Before Jenny could say a word, a boy—almost certainly the boy in question—flew out of his seat and aimed straight for Felicity, clearly prepared to knock the breath clean out of her. Jenny stepped in his way with seconds to spare. With one arm looped around his waist, she plucked him off his feet.
“Petey, I presume.”
“You can presume anything you danged well want to,” he said with a defiant tilt to his chin and fire flashing in his startlingly blue eyes.
Something about that chin and those eyes looked disturbingly familiar. Jenny had the uncomfortable feeling she ought to recognize Petey, especially since his last name was Adams, the same as her own.
“Petey, you and I will discuss this incident when the rest of the class goes to recess,” she informed him. “In the meantime you have two choices. You can remain in your seat and behave, or you can spend the morning in the principal’s office. It’s up to you, but I should warn you that Mr. Jackson is very eager to get his hands on the person responsible for Mary’s haircut.” She smiled at the boy. “What’s it going to be?”
The defiance slipped just a notch. “Might’s well stay here,” he muttered eventually.
“Good choice,” she said, and released him to return to his seat. “Perhaps you’d like to read your apology to the class.”
“Didn’t write one,” he said, glaring at her. “You can keep me here till I’m an old man and I still won’t write one.”
The belligerence took her aback. “You did hear me give the assignment, didn’t you?”
“I ain’t deaf.”
“Then you are deliberately choosing to defy me?”
He squared his little shoulders and stared straight back at her. “Yep.”
She had to admire his spunk if not his insubordination. She had a whole new respect for the teachers forced to deal with her through the years. How she handled Petey Adams was absolutely critical to gaining the respect of his classmates, with the possible exception of Felicity, who obviously craved the approval of all authority figures more than she wanted the friendship of those her own age. She was definitely her father’s child.
“Okay, Petey, we will discuss this matter during recess.”

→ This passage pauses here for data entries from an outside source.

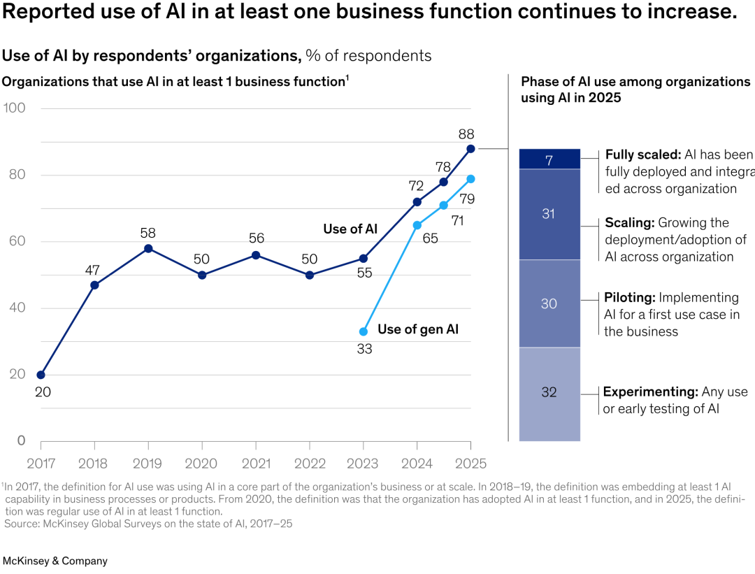 Según el informe The State of AI: Global Survey 2025 de McKinsey, el 88% de los ejecutivos confirma que sus organizaciones ya utilizan inteligencia artificial. Sin embargo, casi el 60% de las empresas aún carece de políticas formales para su uso. Adoptar esta tecnología es tu mayor oportunidad de crecimiento; formarte para utilizarla con estrategia y consciencia es la llave que desbloqueará tu potencial profesional.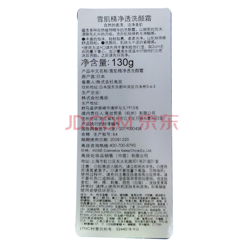 商品相册:雪肌精(SEKKISEI)净透洗颜霜130g 深层清洁保湿男女日本洁面洗面奶第
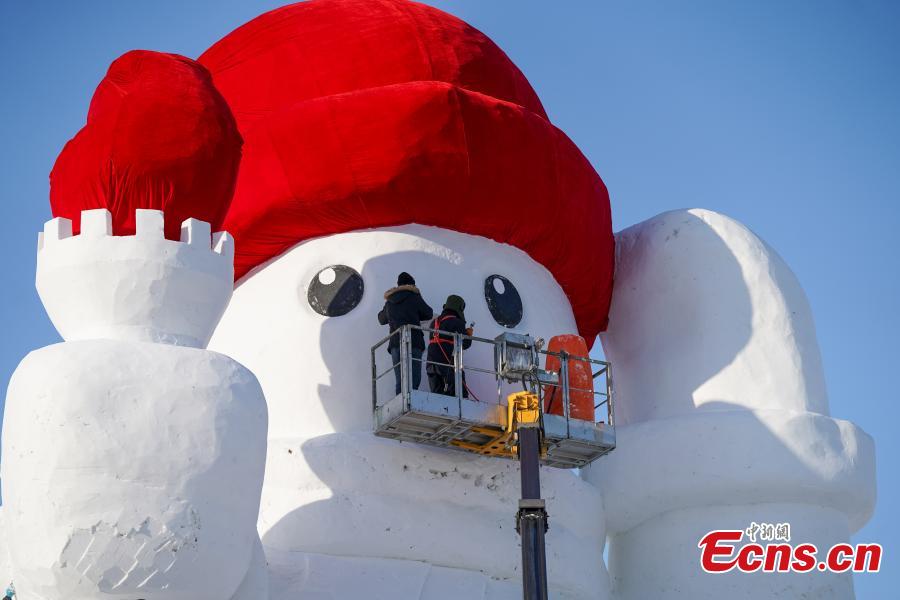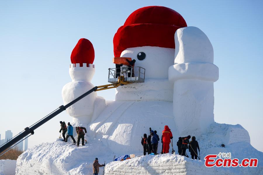 A landmark snowman is under construction in Harbin, northeast China's Heilongjiang Province, Dec. 3, 2023. (Photo: China News Service/Zhao Yuhang)

He shrugged indifferently.
Jenny turned to the other students and called on them one by one to read their apologies. Fortunately there were no further incidents. Still, by the time recess came an hour later, she was so tense her shoulders ached. She made arrangements for the third-grade teacher to supervise her students on the playground, then returned to meet with Petey.
He regarded her with hostility. Jenny sighed. She took a moment to look over his file, which she’d retrieved from the office on her way back from the playground. He was new to Los Piños. His mother had died less than two years before, his grandfather just months ago. He was all alone with his dad, who’d taken a job as foreman of a ranch near White Pines.

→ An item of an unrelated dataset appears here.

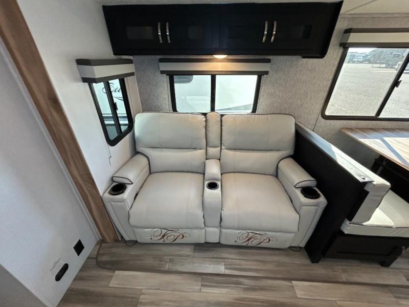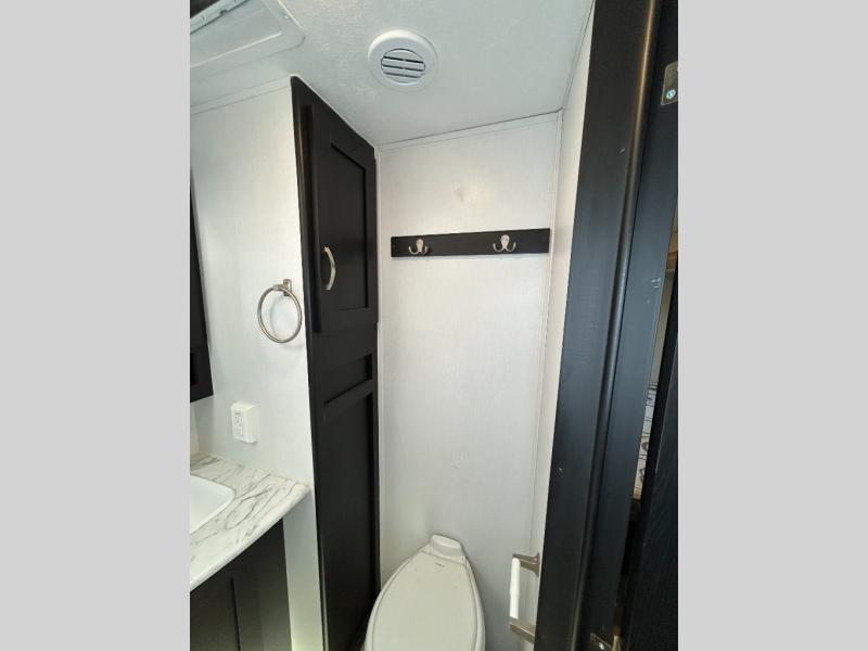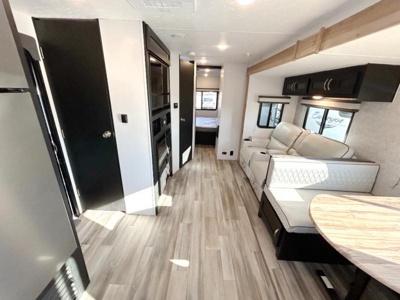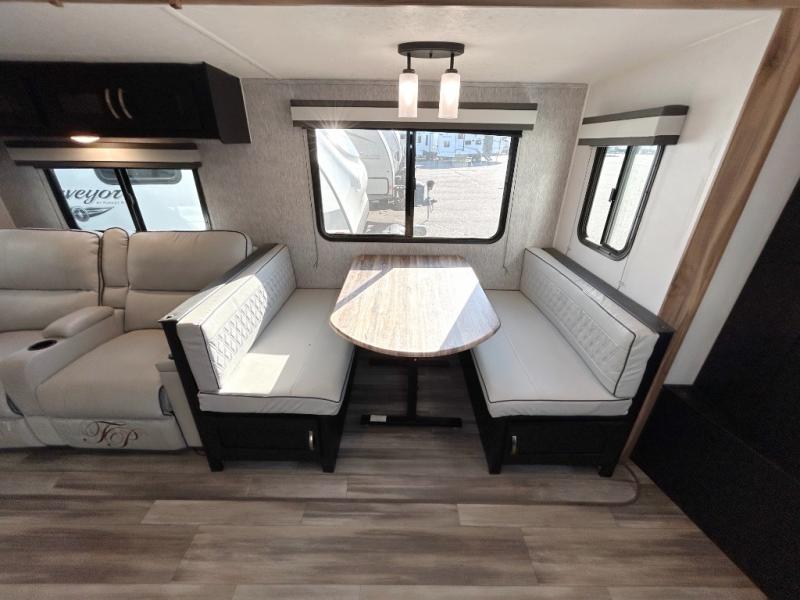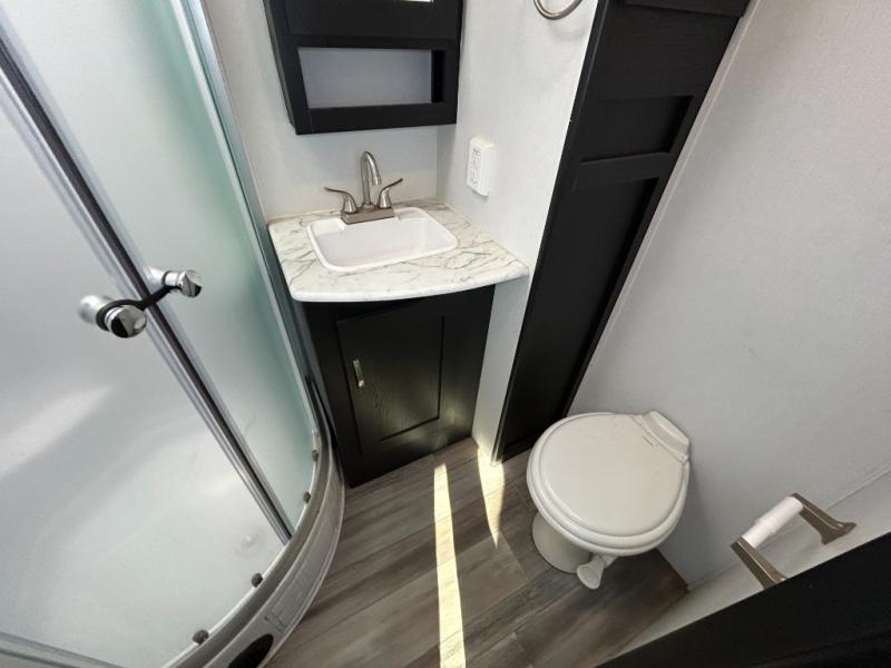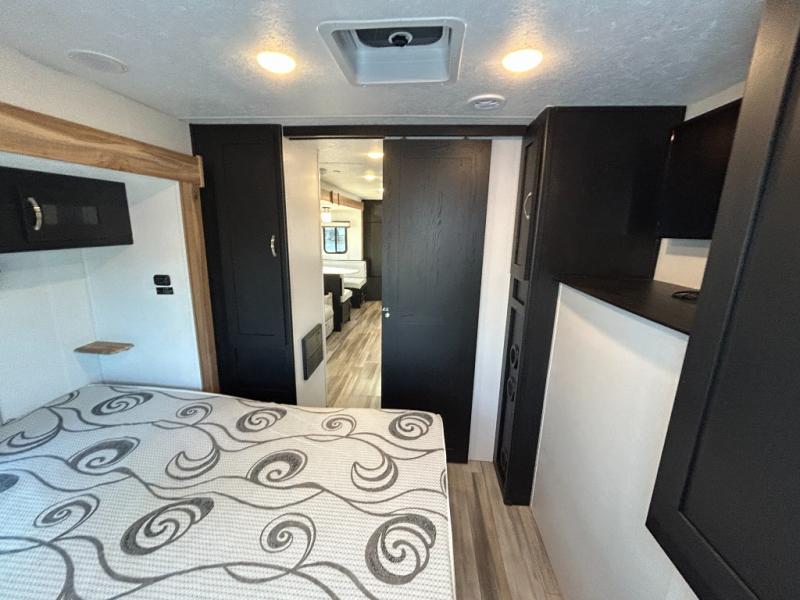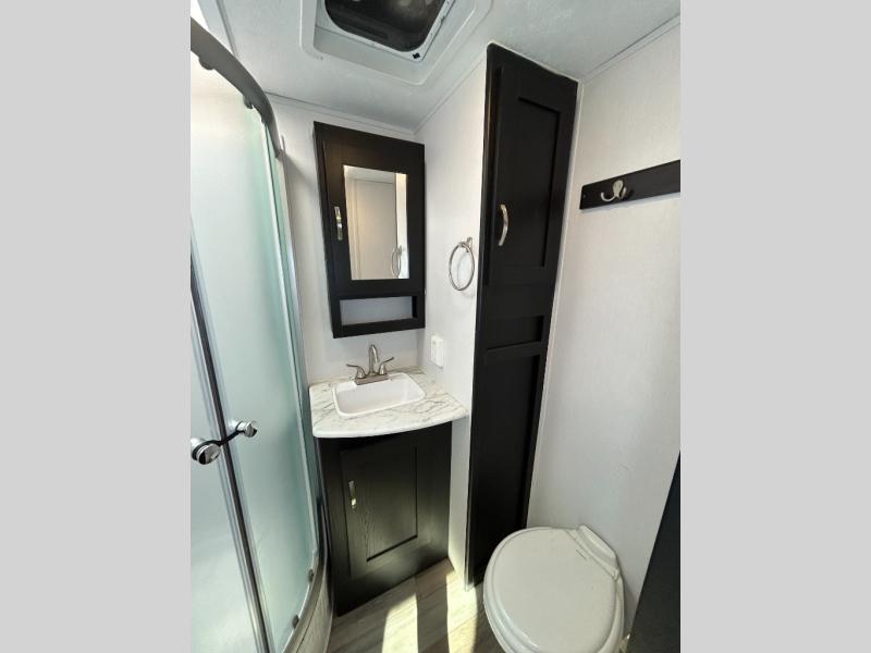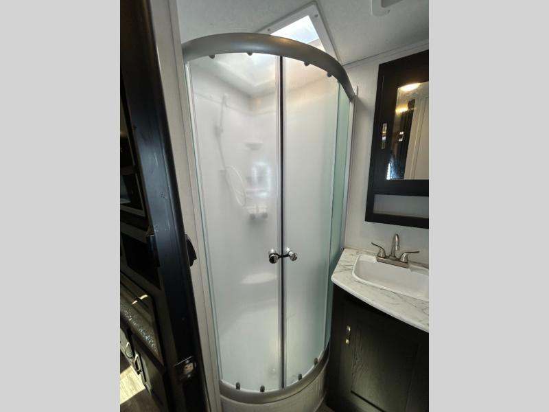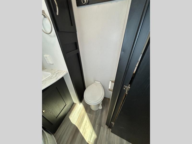 Comfort comes easy in this front kitchen travel trailer for four! You will love the rear master bedroom with its king bed slide out, spacious wardrobe, and a private entrance into the dual entry bath. There is a sofa that sits directly across from the fireplace and entertainment center, or you can choose the optional theater seat or optional hide-a-bed sofa in place of the standard sofa. The front kitchen features tons of counter space, an 8 cu. ft. double door refrigerator, plus a large pantry for dry good and snacks. There is also a pantry/closet just as you enter the trailer that will be perfect for shoes and jackets!

Jenny recalled all too vividly her own sense of being lost and alone after her parents’ divorce, when her mother had brought her from New York to this strange new place. She kept a tight rein on her sympathy, though, as she looked up and faced the boy seated in front of her.
“You’re new this year, aren’t you?”
“So?”
Apparently there was to be no such thing as a simple yes or no with this kid. “I remember when I went to a new school,” she said. “In this very town, in fact. I wanted to make sure everybody knew they couldn’t mess with me.”

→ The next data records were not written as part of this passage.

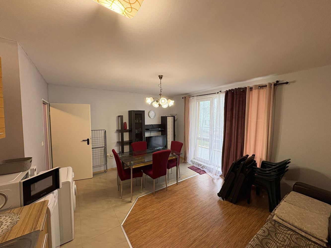 Квартира включает прихожую, кухню с гостиной, спальню, ванную с туалетом, практичное помещение для хранения, а также большую террасу, которая предлагает прекрасное место для отдыха, утреннего кофе или вечернего релакса. Юго-восточная ориентация обеспечивает обилие естественного света в течение всего дня, создавая уютную и гостеприимную атмосферу во всех помещениях.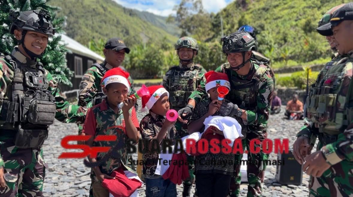 Menyambut sukacita Hari Raya Natal 2025, Satgas Yonif 743/PSY Pos Pintu Angin menghadirkan kebahagiaan bagi masyarakat dengan menyerahkan bingkisan Natal dan pohon Natal kepada Gereja Berkat Muara, Distrik Muara, Kab. Puncak Jaya, Papua, Rabu (24/12/2025).
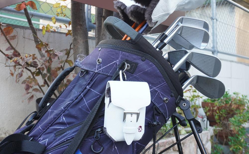 フック付きでキャディーバッグにしっかり取り付け可能。2ヶ所のアジャスターで幅広い計測器のサイズにフィット。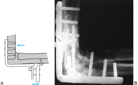 Figure 102.23. Elbow arthrodesis–plate fixation: A: Dynamic compression plate and tensioning device. B: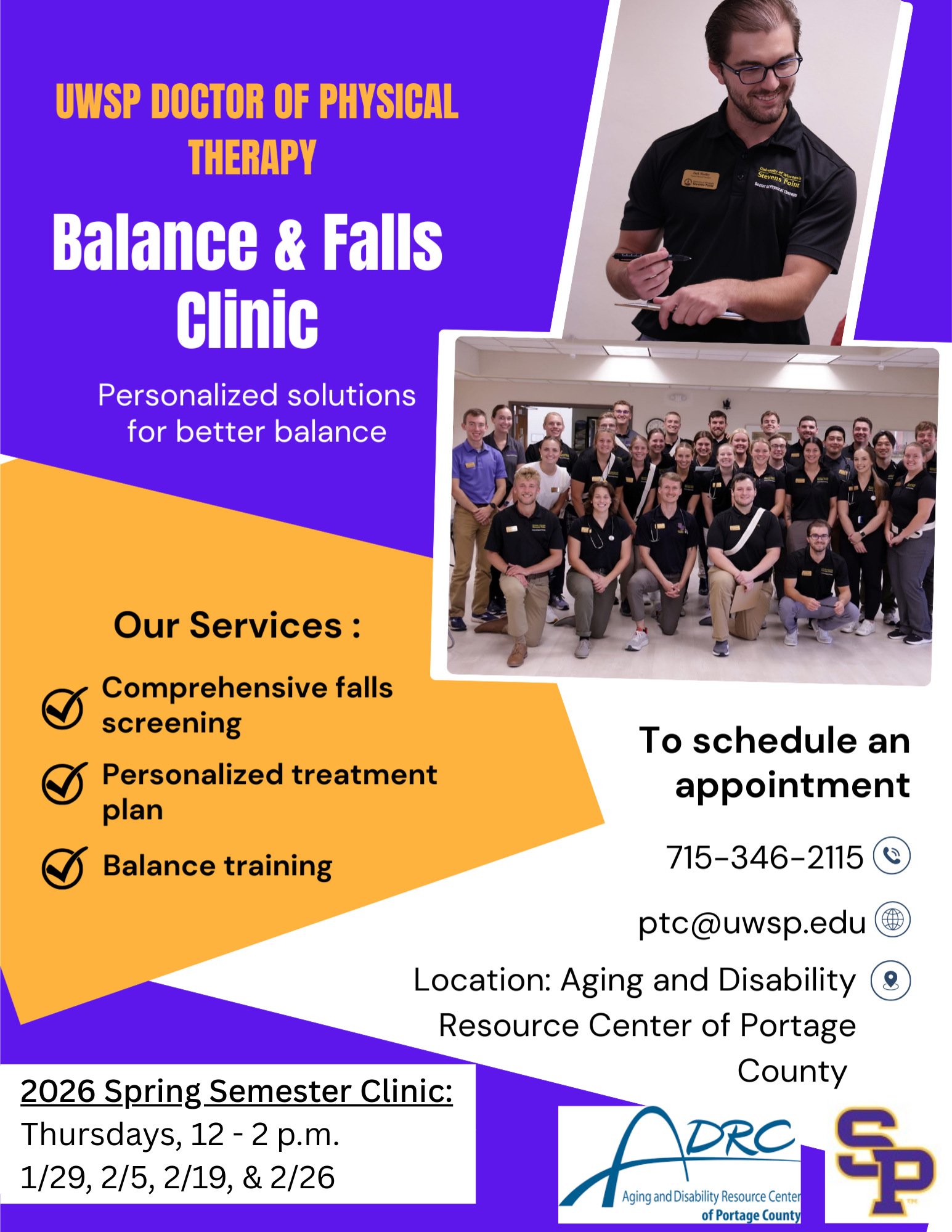 The Aging and Disability Resource Center of Portage County partners with UW-Stevens Point Doctor of Physical Therapy program to host Balance & Falls Clinics. Students provide comprehensive falls screening, a personalized treatment plan, and balance training.

There was a brief spark of interest in his eyes. Jenny considered mat a good sign.
“I got myself into as much trouble as I possibly could,” she said, deciding not to tell him the precise nature of that trouble. Explaining that she had stolen Harlan Adams’s car and smashed it into a tree when she was barely fourteen might just give this kid the idea that he’d been wasting his time chopping off pigtails.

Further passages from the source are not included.